Defendants contend on appeal that they are entitled to a new trial because the transcripts of Miller’s prior testimony should not have been used to impeach his testimony in the present case since they were part of a sealed record. In contrast to the majority, I agree with plaintiffs that this issue was not preserved and should not be reviewed. As noted by the majority, unpreserved errors will not be reviewed by this Court unless lack of review would result in manifest injustice. Napier v Jacobs, 429 Mich 222, 233-234; 414 NW2d 862 (1987). To preserve an evidentiary error for appellate review, a party must object on the same ground that it presents on appeal. Klapp v United Ins Group Agency, Inc (On Remand), 259 Mich App 467, 475; 674 NW2d *336736 (2003); MRE 103(a)(1). In the trial court, defendants did not object to admission of the transcripts1 on the basis that they were part of a sealed record; rather, they contended that the transcripts were not admissible for the purpose of impeachment because they did not impeach Miller’s testimony in this case. Because defendants did not object at trial on the same ground that they present on appeal, the issue is not preserved.
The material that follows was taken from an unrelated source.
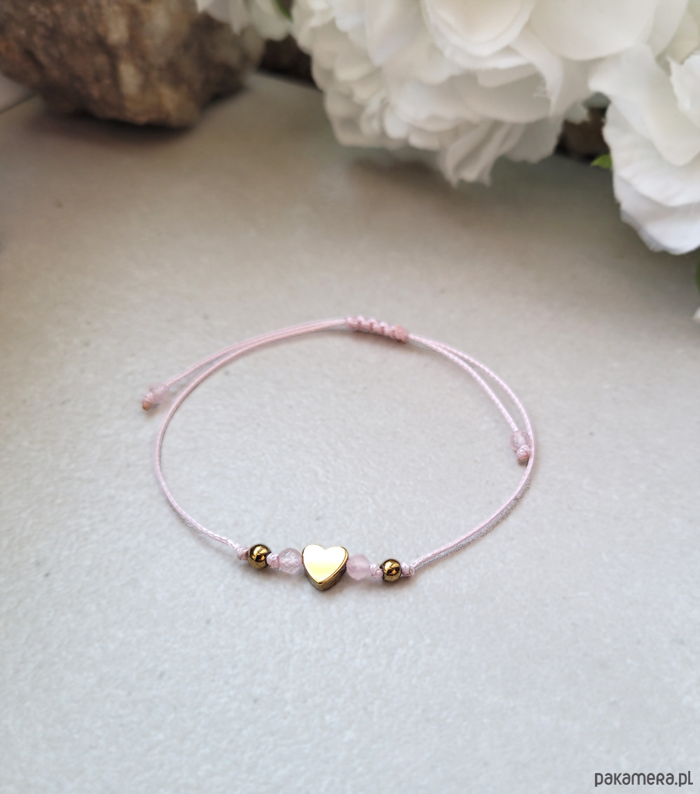 Delikatna minimalistyczna bransoletka zrobiona z kamieni naturalnych: Kwarcu różowego oraz Hematytu z serduszkiem Hematytowym.

The majority excuses the preservation requirement because defense counsel did not know that the record in Miller’s divorce case was sealed. They surmise that, because defense counsel was “surprised,” it was not possible for counsel to preserve this issue by properly objecting. This may be true, but, in my opinion, it is irrelevant whether defense counsel knew of the order sealing the record or Miller’s prior untruthful testimony. Defense counsel is not a party to this action; Miller is. As a party, Miller either was or should have been fully aware of his prior untruthful testimony and the order sealing the file. Whether by plan or negligence, he failed to inform his trial counsel in the present case.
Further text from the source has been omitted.